Até segunda-feira (18) o preço do litro da gasolina comum, que continua a subir, está com média de 162,1 ienes, o maior dos últimos 7 anos. O preço vem subindo por seis semanas consecutivas e até agora nenhum sinal de parada foi visto. Ao contrário, prevê-se que pode chegar a 170 ienes. 

Esse preço afeta também quem gosta de viajar de carro ou motocicleta, como é o caso de um japonês que está dando volta no Japão.

“Cheguei a pagar 170 ienes por litro em um posto de gasolina na província de Nagano. Então abasteci apenas mil ienes e procuro um lugar mais barato”, disse o motociclista abordado em um camping em Yamanashi, no domingo. 

Além disso, as pessoas que têm a pesca como hobby lamentam ter que desembolsar mais para ir a alto mar, pois os barcos consomem muito mais gasolina do que um carro. 
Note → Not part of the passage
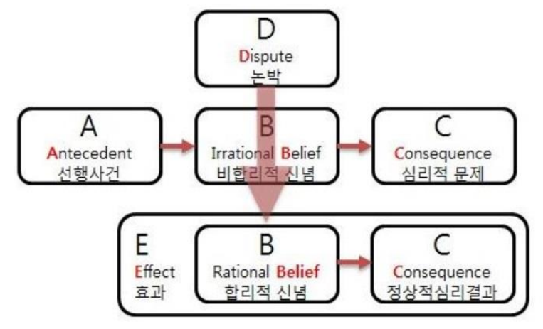 비합리적 사고가 융통성 없이 적용될 때 문제가 되므로 스트레스에 직면했을 때 불쾌한 사건(A)과 느꼈던 감정(C)의 정도를 알아보고 그 상황 속에서 했던 생각(B)을 찾아내어 그 생각이 지나친 것이라면 논박(dispute: D)하여 합리적으로 생각해 보고 느껴지는 감정의 변화가 있는지 돌아보는 자세가 필요하다.

Estufa dos morangos tem custo de 150% a mais do que no ano passado

Equipamento para manter a temperatura da estufa de cultivo dos morangos (ANN)

Takashi Yamada, dono do Aikawa Strawberry House, cultivador de morangos, explicou que a estufa de 1,5 mil metros quadrados tem que ser mantida a uma temperatura de 10ºC.
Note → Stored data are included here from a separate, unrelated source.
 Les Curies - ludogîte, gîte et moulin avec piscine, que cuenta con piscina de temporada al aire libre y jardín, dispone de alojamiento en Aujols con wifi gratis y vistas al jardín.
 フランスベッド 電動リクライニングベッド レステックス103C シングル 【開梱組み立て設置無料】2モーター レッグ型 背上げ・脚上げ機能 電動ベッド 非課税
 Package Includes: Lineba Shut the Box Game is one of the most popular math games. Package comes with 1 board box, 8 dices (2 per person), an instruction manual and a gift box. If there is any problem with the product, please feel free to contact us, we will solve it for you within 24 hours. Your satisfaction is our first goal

Por isso, se a quantidade de óleo pesado usada no aquecedor for a mesma do ano passado, o custo será cerca de 1,5 vezes maior, o que afeta seu lucro, pois ainda não sabe se poderá repassar aumentando o preço ao consumidor.

“Não é algo que posso economizar, pois a temperatura tem que ser mantida”, lamenta o fruticultor que começa as entregas antes do Natal, para os bolos e tortas.

Querosene mais cara dos últimos 3 anos

Aquecedor a querosene da Corona (Amazon)

Além disso, o país passa por um período de onda de frio e nas províncias ao norte, as pessoas já começaram a usar o aquecedor a querosene. Um galão de 18 litros está custando em média 1,7 mil ienes em Fukushima. 

Em Iwate o litro da querosene está custando em média 102 ienes, com aumento de ¥27 em relação ao mesmo período do ano passado. Por um galão se desembolsa ¥1.836. É a primeira vez em três anos desde 2018 que o preço excede 100 ienes nesta época.